Matthias Herrmann zeigt eine privatere Seite seines Werks: "Nymphenburg, Amalienburg 12. VI. 2010"

Foto: Galerie Steinek

 

Wien - New York, Rom, Irland oder Bratislava, aber auch der Wiener Prater oder das toskanische Grosseto, in dessen Nähe Matthias Herrmann bisweilen lebt und arbeitet, tauchen in den Aufnahmen auf. Beim Reisen sei er ein Flaneur im Baudelaire'schen Sinn und habe dabei immer gerne fotografiert, hauptsächlich Architektur, sagt der Künstler über seine ein nächstes Kapitel aufschlagenden jüngsten Fotografien. Für Freunde habe er Dip- und Triptychen aus den Bildern gefertigt; letztendlich habe ein Kurator ihn ermutigt, daraus etwas zu machen.

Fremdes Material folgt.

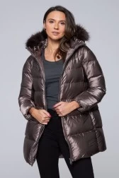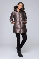 HETREGO Taupe długa kurtka puchowa Hanna z lisem

"Diese Fotos sind eigentlich mit einer viel größeren Privatheit aufgeladen als frühere Arbeiten", sagt der Künstler. Erstaunlich. Denn im Gegensatz zu den mit "offensiver Körperlichkeit" spielenden Aufnahmen der letzten Jahre - Bildern, in denen Herrmann sich selbst als Modell nahm und männliche, auch homoerotische Sexualität thematisierte -, ist er als Person in den Interieurs und Landschaftsausschnitten abwesend. Menschen sind in den Bildern generell nur durch ihre Werke anwesend.

Herrmann, der seine Professur an der Akademie gänzlich aufgibt - lange genug habe er sich "im System festgenagelt"-, fragte sich auch, inwiefern er sich von Dimensionen der Wiedererkennbarkeit in seinem Werk lösen könne. Dass er kann, beweisen die ihn als neugierigen, wachen Beobachter von Details auszeichnenden analogen Fotos. Humorvolles, Ironisches und Formales bricht die ruhigen Aufnahmen reizvoll auf.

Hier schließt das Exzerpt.